ACTION ITEM -
Starting with the line that contains "Son plateau en" and stopping after the line that contains "上記の 【ブックマークレット:xxxdoga】 の「xxxdoga」をクリックしたまま", return each line below exactly as written, with no others.

MATERIAL TO PROCESS -
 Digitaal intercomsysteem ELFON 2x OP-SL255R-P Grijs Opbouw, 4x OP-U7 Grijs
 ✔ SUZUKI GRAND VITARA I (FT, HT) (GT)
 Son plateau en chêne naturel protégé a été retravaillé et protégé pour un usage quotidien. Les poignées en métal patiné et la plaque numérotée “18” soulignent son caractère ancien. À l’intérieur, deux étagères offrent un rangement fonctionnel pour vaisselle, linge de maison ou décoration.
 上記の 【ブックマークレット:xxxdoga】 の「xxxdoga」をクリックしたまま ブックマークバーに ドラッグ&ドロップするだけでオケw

---

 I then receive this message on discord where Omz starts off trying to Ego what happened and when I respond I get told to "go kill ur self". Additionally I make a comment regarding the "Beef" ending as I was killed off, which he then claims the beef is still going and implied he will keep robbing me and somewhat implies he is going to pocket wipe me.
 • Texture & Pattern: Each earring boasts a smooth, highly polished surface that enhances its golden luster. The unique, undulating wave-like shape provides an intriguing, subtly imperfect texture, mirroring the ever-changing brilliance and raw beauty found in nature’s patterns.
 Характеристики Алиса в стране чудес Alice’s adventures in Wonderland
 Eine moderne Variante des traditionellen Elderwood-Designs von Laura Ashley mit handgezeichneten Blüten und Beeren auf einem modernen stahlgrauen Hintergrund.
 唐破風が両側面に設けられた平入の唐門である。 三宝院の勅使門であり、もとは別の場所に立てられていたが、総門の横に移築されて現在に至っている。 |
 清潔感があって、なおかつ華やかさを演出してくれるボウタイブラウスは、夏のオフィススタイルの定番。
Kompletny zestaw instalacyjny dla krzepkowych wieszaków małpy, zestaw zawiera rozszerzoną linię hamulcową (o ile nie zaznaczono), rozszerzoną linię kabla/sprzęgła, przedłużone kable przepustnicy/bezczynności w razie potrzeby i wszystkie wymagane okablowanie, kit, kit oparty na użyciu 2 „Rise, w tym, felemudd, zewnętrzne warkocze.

YOUR SOLUTION -
 Son plateau en chêne naturel protégé a été retravaillé et protégé pour un usage quotidien. Les poignées en métal patiné et la plaque numérotée “18” soulignent son caractère ancien. À l’intérieur, deux étagères offrent un rangement fonctionnel pour vaisselle, linge de maison ou décoration.
 上記の 【ブックマークレット:xxxdoga】 の「xxxdoga」をクリックしたまま ブックマークバーに ドラッグ&ドロップするだけでオケw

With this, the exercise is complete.